Looking up data in P2P systems
The main challenge in P2P computing is to design and implement a robust and scalable distributed system composed of inexpensive, individually unreliable computers in unrelated administrative domains. The participants in a typical P2P system might include computers at homes, schools, and businesses, and can grow to several million concurrent participants.
Characteristics:
- The barriers to starting and growing such systems are low, since they usually don't require any special administrative or financial arrangements, unlike centralized facilities;
- P2P systems offer a way to aggregate and make use of the tremendous computation and storage resources on computers across the Internet.
Lookup problem: How do you find any given data item in a large P2P system in a scalable manner, without any centralized servers or hierarchy?
The lookup problem is simple to state: Given a data item X stored at some dynamic set of nodes in the system, find it. This problem is an important one in many distributed systems, and is the critical common problem in P2P systems. One approach is to maintain a central database that maps a file name to the locations of servers that store the file. Napster (www.napster.com) adopted this approach for song titles, but this approach has inherent scalability and resilience problems: the database is a central point of failure.
At one end of the symmetric lookup spectrum, the consumer broadcasts a message to all its neighbors with a request for X. When a node receives such a request, it checks its local database. If it contains X, it responds with the item. Otherwise, it forwards the request to its neighbors, which execute the same protocol. Gnutella has a protocol in this style with some mechanisms to avoid request loops. However, this "broadcast" approach doesn't scale well because of the bandwidth consumed by broadcast messages and the compute cycles consumed by the many nodes that must handle these messages.

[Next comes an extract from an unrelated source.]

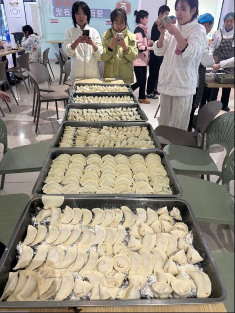 在活动过程中同学们分工明确、热情高涨,一个个造型各异的饺子在大家的手中呈现出来,尽管水饺有大有小、形态各异,但是浓浓的“情谊”都包在了饺子里,大家边吃饺子边聊天,共同感受节日温暖、集体的温馨。

One approach to handling such scaling problems is to add "superpeers" in a hierarchical structure, as is done in FastTrack's P2P platform, and has been popularized by applications like KaZaA.
Freenet uses an innovative symmetric lookup strategy. Here, queries are forwarded from node to node until the desired object is found based on unstructured routing tables dynamically built up using caching.
The recent crop of P2P algorithms, including CAN, Chord, Kademlia, Pastry, Tapestry, and Viceroy are both structured and symmetric, unlike all the other systems mentioned here. This allows them to offer guarantees while simultaneously not being vulnerable to individual node failures. They all implement the DHT abstraction.
Indexing and keyword search. These DHT algorithms retrieve data based on a unique identifier. In contrast, the widely deployed P2P file-sharing services are based on keyword search. While it is expected that distributed indexing and keyword lookup can be layered on top of the distributed hash model, it is an open question if indexing can be done efficiently.